While this is certainly easier and cheaper, you don’t get to build that same type of trust relationship with the seller, you don’t get to sample the product, and good luck with returns. Brokering these relationships was the job of the middleman. There are things you can do, of course, such as soliciting advice from other people in social media sites, but that’s not the same as a good old salesperson plying you with treats and samples, and a good yarn or two.
But the middleman is not just synonymous with “salesperson”. There are all kinds of other types of brokers and intermediaries that have traditionally served a purpose in our society. What about people who bring you the news? Cut them out and how do you know what’s relevant in your world? Strong advocates of social media tell us that if we belong to enough of the right groups we can decide for ourselves what’s relevant in our lives. To me, that’s a bit like saying gather enough tools and you can be your own carpenter or mechanic. Maybe that’s what you want to do, but maybe not.

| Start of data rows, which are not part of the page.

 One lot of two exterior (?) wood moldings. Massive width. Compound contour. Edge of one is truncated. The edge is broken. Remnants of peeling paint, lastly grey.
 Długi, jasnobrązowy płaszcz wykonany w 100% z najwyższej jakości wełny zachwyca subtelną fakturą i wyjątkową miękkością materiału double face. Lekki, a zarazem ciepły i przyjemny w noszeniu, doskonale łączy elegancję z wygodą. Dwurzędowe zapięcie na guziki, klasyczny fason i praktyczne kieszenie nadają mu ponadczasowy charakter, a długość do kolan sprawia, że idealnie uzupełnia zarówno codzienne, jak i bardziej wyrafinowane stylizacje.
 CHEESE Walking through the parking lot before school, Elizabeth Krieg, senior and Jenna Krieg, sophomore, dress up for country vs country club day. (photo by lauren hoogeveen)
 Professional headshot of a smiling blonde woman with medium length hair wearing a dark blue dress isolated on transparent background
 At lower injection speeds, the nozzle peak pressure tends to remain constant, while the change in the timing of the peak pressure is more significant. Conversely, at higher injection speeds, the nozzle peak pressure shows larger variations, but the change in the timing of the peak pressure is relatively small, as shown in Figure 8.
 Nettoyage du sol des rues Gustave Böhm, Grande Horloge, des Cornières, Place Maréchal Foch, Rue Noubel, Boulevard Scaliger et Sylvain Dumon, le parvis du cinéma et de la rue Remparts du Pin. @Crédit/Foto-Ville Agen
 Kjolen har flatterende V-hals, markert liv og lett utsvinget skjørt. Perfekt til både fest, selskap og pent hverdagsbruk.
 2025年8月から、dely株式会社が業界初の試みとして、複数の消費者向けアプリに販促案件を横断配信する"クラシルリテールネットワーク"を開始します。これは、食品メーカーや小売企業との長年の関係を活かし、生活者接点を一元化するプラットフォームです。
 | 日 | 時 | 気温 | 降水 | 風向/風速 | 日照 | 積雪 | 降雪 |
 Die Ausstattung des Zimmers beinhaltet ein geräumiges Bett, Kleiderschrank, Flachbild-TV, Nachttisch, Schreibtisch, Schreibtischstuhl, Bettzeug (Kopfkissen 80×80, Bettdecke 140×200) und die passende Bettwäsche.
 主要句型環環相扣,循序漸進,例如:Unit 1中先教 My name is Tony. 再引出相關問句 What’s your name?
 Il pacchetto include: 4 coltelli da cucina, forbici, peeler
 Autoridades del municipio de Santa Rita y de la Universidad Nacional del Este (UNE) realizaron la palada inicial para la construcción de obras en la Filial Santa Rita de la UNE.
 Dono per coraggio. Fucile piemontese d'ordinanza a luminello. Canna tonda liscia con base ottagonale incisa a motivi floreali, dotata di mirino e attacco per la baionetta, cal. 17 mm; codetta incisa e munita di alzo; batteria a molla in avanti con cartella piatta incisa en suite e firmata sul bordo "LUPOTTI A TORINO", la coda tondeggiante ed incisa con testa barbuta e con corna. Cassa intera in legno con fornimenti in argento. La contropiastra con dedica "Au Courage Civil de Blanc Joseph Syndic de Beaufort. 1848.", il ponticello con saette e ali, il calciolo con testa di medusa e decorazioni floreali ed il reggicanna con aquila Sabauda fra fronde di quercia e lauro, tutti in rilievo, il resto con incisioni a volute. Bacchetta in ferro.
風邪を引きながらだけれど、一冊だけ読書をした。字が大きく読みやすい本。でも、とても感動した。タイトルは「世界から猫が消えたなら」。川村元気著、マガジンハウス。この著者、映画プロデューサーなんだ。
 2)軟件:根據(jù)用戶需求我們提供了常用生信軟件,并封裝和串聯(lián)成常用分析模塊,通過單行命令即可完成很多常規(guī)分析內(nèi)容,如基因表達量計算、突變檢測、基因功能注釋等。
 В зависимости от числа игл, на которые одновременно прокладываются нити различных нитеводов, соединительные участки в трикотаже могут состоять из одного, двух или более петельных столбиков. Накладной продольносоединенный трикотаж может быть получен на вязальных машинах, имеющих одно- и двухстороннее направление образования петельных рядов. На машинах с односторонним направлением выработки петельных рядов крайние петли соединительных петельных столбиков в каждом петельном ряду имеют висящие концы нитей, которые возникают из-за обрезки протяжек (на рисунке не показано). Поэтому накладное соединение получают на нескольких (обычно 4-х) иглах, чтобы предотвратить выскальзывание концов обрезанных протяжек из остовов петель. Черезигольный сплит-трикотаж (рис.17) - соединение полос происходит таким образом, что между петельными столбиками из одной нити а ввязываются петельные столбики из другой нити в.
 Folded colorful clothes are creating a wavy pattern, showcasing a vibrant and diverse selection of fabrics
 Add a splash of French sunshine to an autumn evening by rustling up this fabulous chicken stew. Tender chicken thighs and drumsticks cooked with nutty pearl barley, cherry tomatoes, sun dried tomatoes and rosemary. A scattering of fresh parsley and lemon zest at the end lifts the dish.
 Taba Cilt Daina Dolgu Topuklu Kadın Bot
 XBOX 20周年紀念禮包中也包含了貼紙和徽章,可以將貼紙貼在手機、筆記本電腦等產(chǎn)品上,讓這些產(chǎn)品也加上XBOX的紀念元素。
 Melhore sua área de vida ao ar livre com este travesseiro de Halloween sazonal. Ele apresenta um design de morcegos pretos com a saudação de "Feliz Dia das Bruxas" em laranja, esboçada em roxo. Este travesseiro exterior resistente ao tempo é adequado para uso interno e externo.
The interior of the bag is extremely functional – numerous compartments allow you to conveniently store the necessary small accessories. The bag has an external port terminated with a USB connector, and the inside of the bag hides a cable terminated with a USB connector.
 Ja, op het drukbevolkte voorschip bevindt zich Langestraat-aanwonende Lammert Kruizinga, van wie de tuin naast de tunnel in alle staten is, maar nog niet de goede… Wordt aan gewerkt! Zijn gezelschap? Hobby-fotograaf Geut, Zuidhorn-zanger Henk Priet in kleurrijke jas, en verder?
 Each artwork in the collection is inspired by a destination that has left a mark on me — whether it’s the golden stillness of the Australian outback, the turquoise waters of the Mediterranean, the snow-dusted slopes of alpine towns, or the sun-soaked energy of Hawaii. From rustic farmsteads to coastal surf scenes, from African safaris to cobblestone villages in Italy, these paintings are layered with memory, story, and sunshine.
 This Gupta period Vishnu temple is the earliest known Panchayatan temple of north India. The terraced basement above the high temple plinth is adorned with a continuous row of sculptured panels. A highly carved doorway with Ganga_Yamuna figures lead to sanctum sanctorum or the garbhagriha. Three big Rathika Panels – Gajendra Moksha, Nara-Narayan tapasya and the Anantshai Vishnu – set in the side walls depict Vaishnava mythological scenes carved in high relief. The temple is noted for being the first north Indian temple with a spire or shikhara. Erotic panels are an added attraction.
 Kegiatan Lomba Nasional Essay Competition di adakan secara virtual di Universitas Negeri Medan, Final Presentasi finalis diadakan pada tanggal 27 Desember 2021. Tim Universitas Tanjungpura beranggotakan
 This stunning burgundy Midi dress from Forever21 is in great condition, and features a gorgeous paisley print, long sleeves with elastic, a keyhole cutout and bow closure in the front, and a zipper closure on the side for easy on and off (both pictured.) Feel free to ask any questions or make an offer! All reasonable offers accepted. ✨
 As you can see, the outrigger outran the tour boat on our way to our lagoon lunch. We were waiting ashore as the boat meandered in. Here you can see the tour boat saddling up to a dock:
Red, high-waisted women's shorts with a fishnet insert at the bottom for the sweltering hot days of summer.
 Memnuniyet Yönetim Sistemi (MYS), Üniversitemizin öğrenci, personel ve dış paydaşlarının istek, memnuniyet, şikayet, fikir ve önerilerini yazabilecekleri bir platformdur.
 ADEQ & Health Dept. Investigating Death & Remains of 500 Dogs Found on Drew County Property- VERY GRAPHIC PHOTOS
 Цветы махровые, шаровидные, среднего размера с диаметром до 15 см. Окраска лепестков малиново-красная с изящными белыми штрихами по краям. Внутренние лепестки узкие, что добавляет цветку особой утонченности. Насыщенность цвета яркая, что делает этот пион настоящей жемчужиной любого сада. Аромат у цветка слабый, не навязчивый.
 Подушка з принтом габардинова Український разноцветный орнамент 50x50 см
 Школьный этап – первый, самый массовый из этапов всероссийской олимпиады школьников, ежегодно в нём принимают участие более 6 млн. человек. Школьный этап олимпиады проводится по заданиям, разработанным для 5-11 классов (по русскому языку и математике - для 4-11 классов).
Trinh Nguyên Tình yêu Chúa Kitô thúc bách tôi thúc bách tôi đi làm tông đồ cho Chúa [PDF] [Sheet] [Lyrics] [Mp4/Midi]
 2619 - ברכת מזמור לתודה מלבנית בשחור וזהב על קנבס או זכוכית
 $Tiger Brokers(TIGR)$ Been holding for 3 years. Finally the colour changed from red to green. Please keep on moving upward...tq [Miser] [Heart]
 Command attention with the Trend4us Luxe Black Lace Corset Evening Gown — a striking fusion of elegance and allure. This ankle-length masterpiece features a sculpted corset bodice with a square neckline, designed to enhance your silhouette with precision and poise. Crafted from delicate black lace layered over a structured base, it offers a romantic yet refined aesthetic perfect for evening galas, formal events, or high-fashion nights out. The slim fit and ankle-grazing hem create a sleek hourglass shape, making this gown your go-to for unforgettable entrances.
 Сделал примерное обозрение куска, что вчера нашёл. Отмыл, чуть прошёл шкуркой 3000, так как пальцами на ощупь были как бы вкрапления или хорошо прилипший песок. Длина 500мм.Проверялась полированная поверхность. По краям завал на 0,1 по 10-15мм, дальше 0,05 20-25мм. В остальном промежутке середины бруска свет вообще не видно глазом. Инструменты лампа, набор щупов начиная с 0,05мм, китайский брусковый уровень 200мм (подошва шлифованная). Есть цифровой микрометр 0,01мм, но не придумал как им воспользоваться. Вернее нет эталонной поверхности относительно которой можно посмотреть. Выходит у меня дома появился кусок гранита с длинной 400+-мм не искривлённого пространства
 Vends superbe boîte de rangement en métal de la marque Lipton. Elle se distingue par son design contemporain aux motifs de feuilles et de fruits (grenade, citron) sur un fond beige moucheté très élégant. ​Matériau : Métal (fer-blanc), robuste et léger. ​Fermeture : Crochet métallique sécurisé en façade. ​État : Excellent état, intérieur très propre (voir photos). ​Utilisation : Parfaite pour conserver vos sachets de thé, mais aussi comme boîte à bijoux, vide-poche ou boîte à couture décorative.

And anyway, have we reached a point where we trust anonymous people more than the people who are trained to provide us with the information we need?
Certainly some industries are changing dramatically at this very moment in time. There’s as good a chance that you’re reading this online as on paper. But that doesn’t mean we don’t need people to gather the news, do some analysis, and deliver the goods in a timely manner.
What is a middleman anyway? Are reporters people who shape our thinking and our country, or merely middlemen we can do without? Do their roles change because technology changes, or do we just package them differently and have them keep on going as they always did? Perhaps the medium no longer is the message.
Or maybe more so than ever.
Another industry that’s changing dramatically is entertainment. If you own an iPod or smart phone, you can subscribe to a service where you can download songs for 99 cents a pop. That must create a bit of a problem for the record store industry. Even more, now you can go to YouTube and listen to all the music your heart desires for free, and if you want to transfer those videos to your iPod you can find free utilities online that allow you to do that.
This type of technological change always seems to find a loser for every winner, a zero sum game sort of like the one described by the Buggles in their 1979 song “Video Killed the Radio Star”. (Google it, then watch it on YouTube.)
Nowadays, you can download videos and store them either as videos or convert the audio portion to MP3 format that you can then load up on your iPod. That begs the question, do we really need a recording industry? If we do, what is its purpose and can copyright laws protect it so as to ensure its survival?
What does all this mean to the artists? Certainly throughout the ages artist existed before there was ever a recording industry.
So is the middleman dying? Certainly some middlemen are, but just as certainly new ones are springing up. Is Google not a middleman? In fact it’s probably the uber-quintessential middleman. It gathers your requirements and points you, hopefully, in the right direction. And Google, certainly, isn’t dying.
Bob Dylan’s prophetic song warns us not to criticize what we don’t understand, and if we can’t contribute to a new way of doing things, at least we should have the good sense to get out of the way. But can we? And is it really any different now than what it was when he committed those words to vinyl, nearly half a century ago?
In the long run, no doubt the times will a-change in a manner that makes sense because that’s just how the world works.